By Dominic Hamilton, CGCIO, Director of Information Technology, City of Indian Harbour Beach
Almost every IT Support Specialist fears the dreaded phrase: “I clicked on something, and now my computer is acting weird.” The looming threat of cybersecurity lingers quietly over organizations around the globe. Like a natural disaster, cities can be struck by a cybersecurity attack at any time, losing millions of dollars to hackers. It has become such a prominent issue that states across the country are pushing legislation to better protect themselves from cyber-attacks.
Prompting Information Technology (IT) Departments to ensure staff are prepared for these situations through training, exercises, and even by sending out fake test emails to ensure security. However, all the training in the world doesn’t guarantee that your organization won’t have a cybersecurity incident. So, how can we best handle a cyber security incident when they do occur?
Well, that’s exactly what the Indian Harbour Beach IT Department had to accomplish after receiving the previously mentioned message.
First, make sure to take the device off the network. This is critical; many users will panic and pull the power plug, but this is not what you should do, as this can often prevent access to the system after a shutdown, and an investigation will be necessary later. Therefore, ensure that the user receives clear instructions. Be sure to get IT support on-site as quickly as possible to disconnect the internet cable, disable Bluetooth and Wi-Fi, and remove any other peripherals that may be attached (thumb drives, taking any USB storage devices for investigation).
Second, inform city leadership of the incident. Making them aware that this takes priority over all other projects. Upon arrival, IT engages in damage control, working to isolate the incident. They access the PC and work with the user to answer security questions: When did it happen? What were you working on? After some investigating, IT determined that an email was opened, after which odd things started happening and the user’s computer icons changed.

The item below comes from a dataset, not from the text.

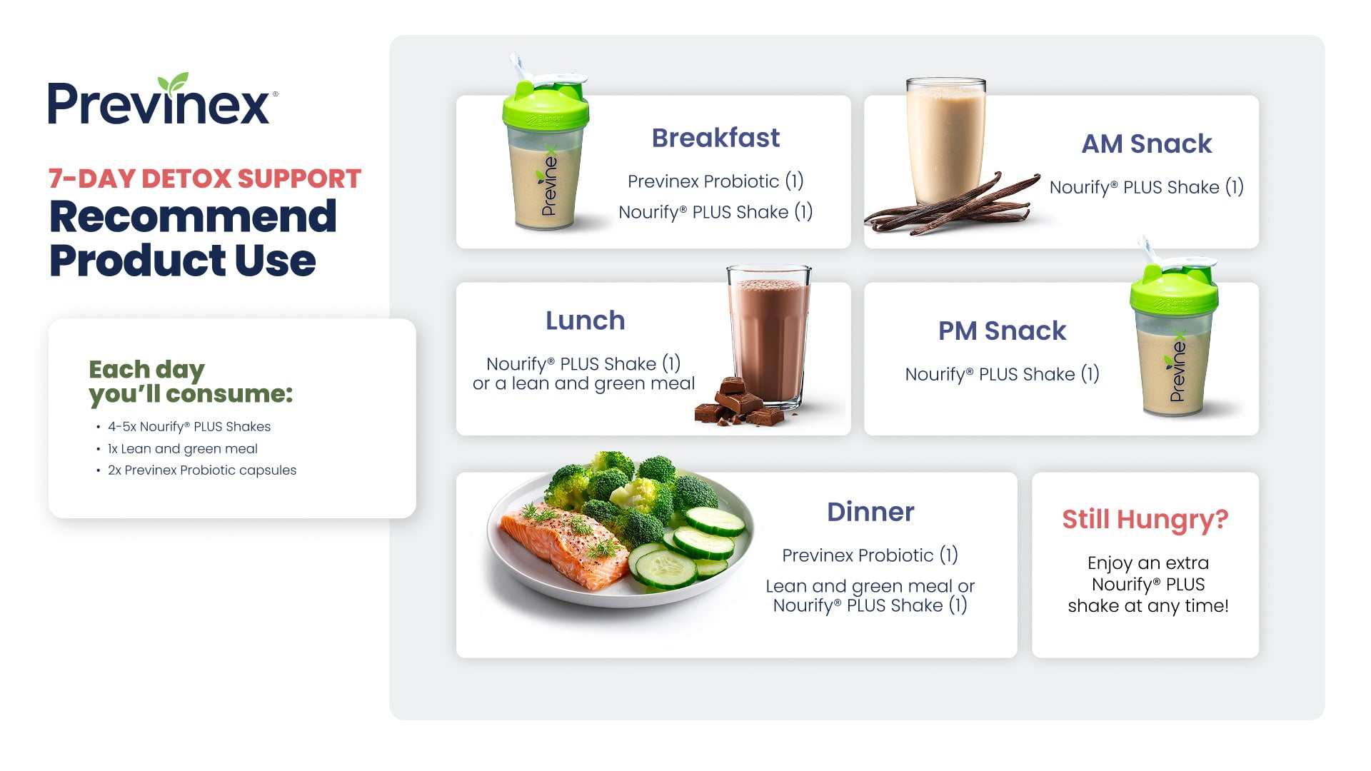 A one-week, science-backed program to reduce common dietary stressors, support digestion, curb cravings, and promote balance. The 7-Day Detox Support combines nutrient-dense Nourify® PLUS shakes, targeted gut support from Previnex® Probiotic, and a simple daily plan to support your body’s natural metabolic and digestive processes—no extremes or deprivation necessary. Perfect as a standalone nutritional support program or a first step before longer programs like the 21-Day Reset.

There was no way of opening any document on the device. With the PC off the network, ensuring the damage cannot spread, and knowing what the threat is, IT has to switch gears fast, knowing that every moment counts in these scenarios.
The IT department turns its attention to the network, connecting to the most sensitive servers, payroll, HR, records, and the primary user server (domain controller). Locking the user’s accounts, freezing their email access, and a full audit of their systems is performed. Thanks to the implementation of certain IT permission policies, the servers remain free from any infection.
Now that the infected PC is isolated, the investigation can begin. At this moment, having sufficient backups pays dividends. Through these backups and examining the email, its headers, and the metadata, the department was able to determine that the device was infected with ransomware it received from opening an email attachment.
IT then moves to take steps to prevent future incidents, updating the server and blocking any connection to the sender. If there’s one thing that can compete with the importance of awareness training, it’s backups. Having device backups and backup policies in place minimizes data loss while allowing users to resume their responsibilities as fast as possible.
Once the incident is contained, leadership is updated on the situation. Unlike many other institutions that “turn off the lights” during these situations, we make sure to notify other agencies. By being registered with the Department of Homeland Security, reporting the incident, and communicating with the county sheriff, who has digital forensic capabilities for cybercrime, the department was able to provide them with information and resources that will help protect themselves and other organizations from this threat.
In the final stages of the incident, the backup server is accessed, and once it is double-checked for modified files, the type of ransomware can be loaded, and the files that detonated the malicious software are identified. After a thorough scan, the user’s files, applications, and data are loaded onto the PC that IT has wiped and reformatted, and additional security and auditing alerts are downloaded to ensure that no system files are being modified or changed.
Once the threat has been removed, and the user and city are no longer in immediate danger, it’s back to communication. Incidents like these can be scary and intense, but they also provide the perfect opportunity for training and reinforcing caution to users when communicating over email.
Lastly, the department produces a detailed incident report. These reports are a crucial final step as they serve as an opportunity to take a step back, assess the situation and reflect on the IT policies and procedures. This incident occurred through email, which prompts questions like: Are we using the best tools to protect users? Are there better options available for email security? How did we perform? The experience ultimately led the city to change email providers and add a suite of software tools for education, training and enhanced security.
Ransomware like this has the potential to be catastrophic to business operations. Hackers are able to encrypt swaths of a city’s records and information with no guarantee the information will ever be retrieved. Utilities, billing departments, transportation authorities, hospitals and schools have been shut down due to past breaches in cybersecurity. These trainings, protocols and policies make all the difference when your organization encounters an incident like this one and are what will be the difference between losing one computer and every device and account in use.